- Interactive map of Kolnes
- Coordinates: 59°23′12″N 5°22′24″E﻿ / ﻿59.38655°N 5.37334°E
- Country: Norway
- Region: Western Norway
- County: Rogaland
- District: Haugaland
- Municipality: Karmøy Municipality
- Elevation: 15 m (49 ft)
- Time zone: UTC+01:00 (CET)
- • Summer (DST): UTC+02:00 (CEST)
- Post Code: 5541 Kolnes

= Kolnes =

Village in Karmøy Municipality, Norway

Kolnes is a village in Karmøy Municipality in Rogaland county, Norway. The residential village is located on the west side of the Førresfjorden, south of the village of Førre and east of the village of Norheim.

Kolnes has experienced rapid growth.
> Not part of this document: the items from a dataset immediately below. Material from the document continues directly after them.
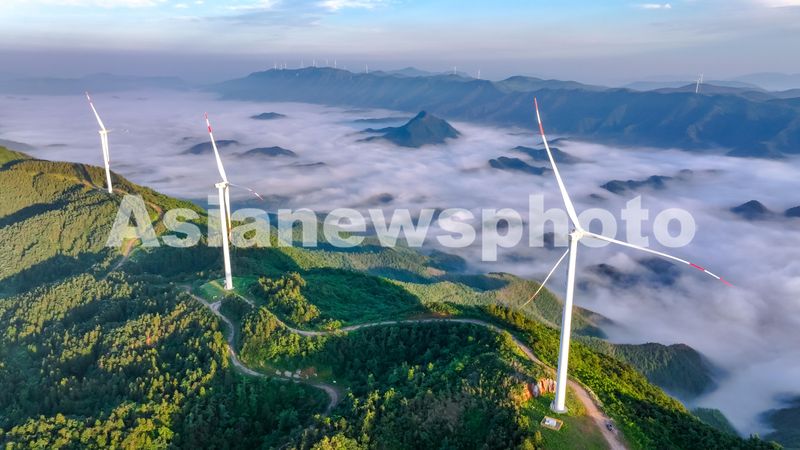 图片说明:2024年6月13日,江西省瑞昌市洪下乡蜈蚣山风电场,一台台发电机矗立在群山、云海之中,勾勒出一幅仙境般的美丽画卷。
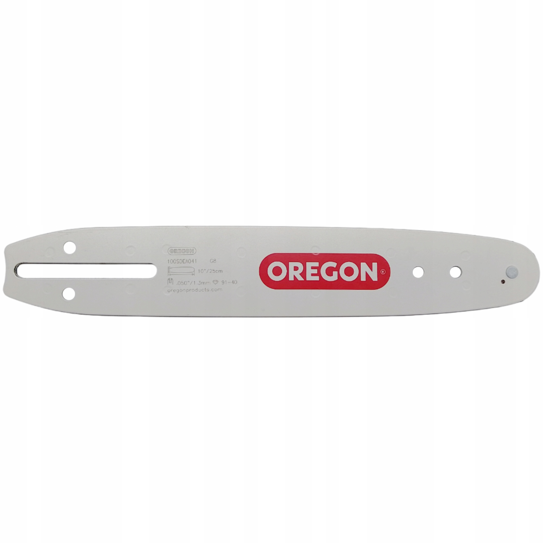 Prowadnica Oregon 100SDEA041 o długości 25 cm (10 cali) i szerokości rowka 1,3 mm to wysokiej jakości komponent przeznaczony do użycia z mniejszymi pilarkami łańcuchowymi. Jest to model z serii Single Rivet, który charakteryzuje się prostotą montażu i solidnością konstrukcji, zapewniając stabilność oraz efektywność cięcia.
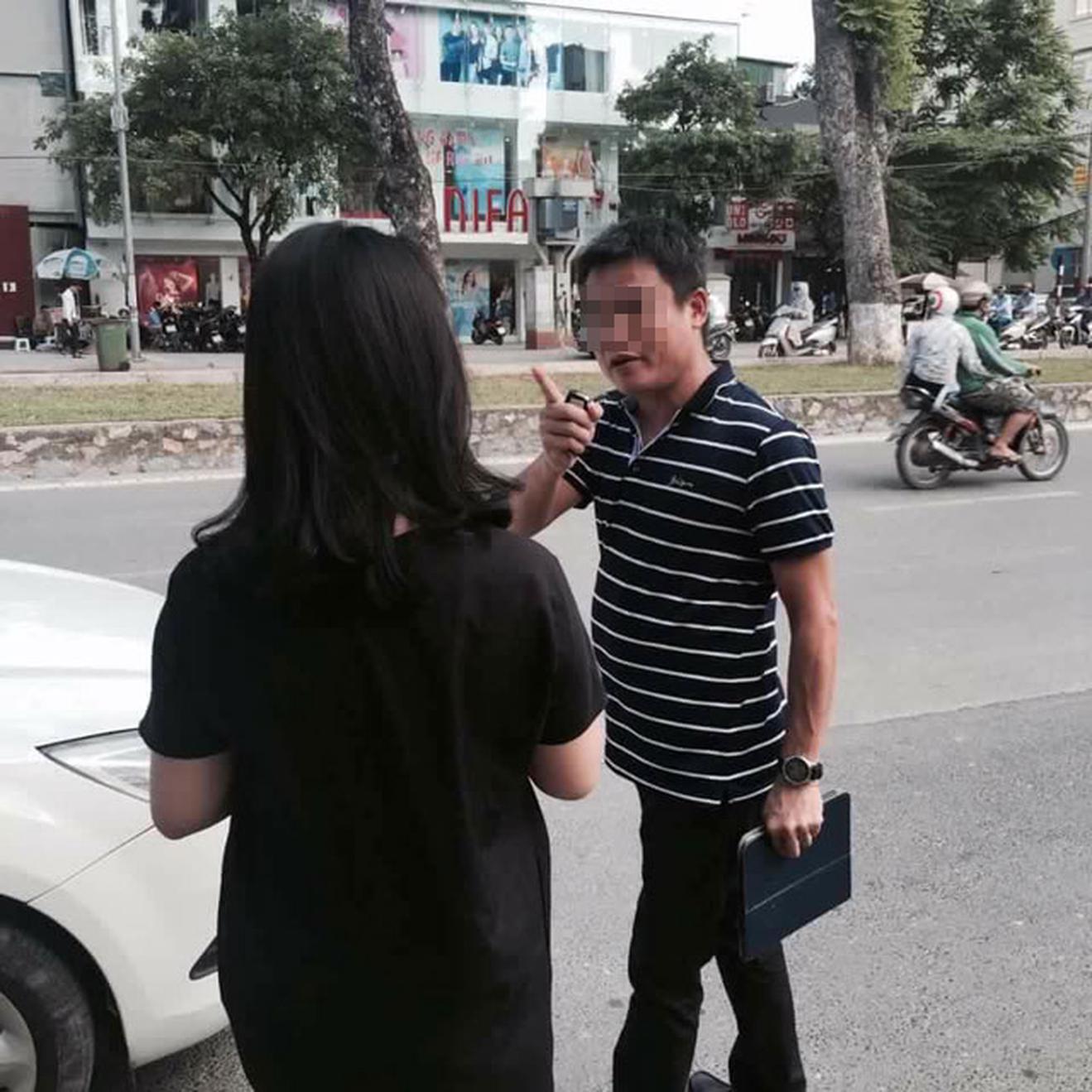 “30 phút sau anh áo kẻ trong nhóm 3 người quay ra nhảy lên xe định chạy tiếp thì mình ra nói chuyện và thái độ kênh kiệu, chỉ trỏ vào mặt… mình và chị mình đứng chặn đầu xe thì anh này định phóng xe chẹt vào… Rất may lúc đó cán bộ công an phường ra ngăn chặn chứ nếu không không biết chuyện gì sẽ xảy ra…”.

Between 1970 and 2013 the population has increased by 87%. The municipality is planning further growth in the area by opening up 1700 sites for residential housing that is expected to increase the population from 1500 to 4500 between 2012 and 2027.

Rogaland county road 832 is the main route through Kolnes, running between the villages of Aksnes in the south and Eike and Skre in the north where it meets the European route E134 highway. The community is served by Kolumbus bus line 224 six days a week.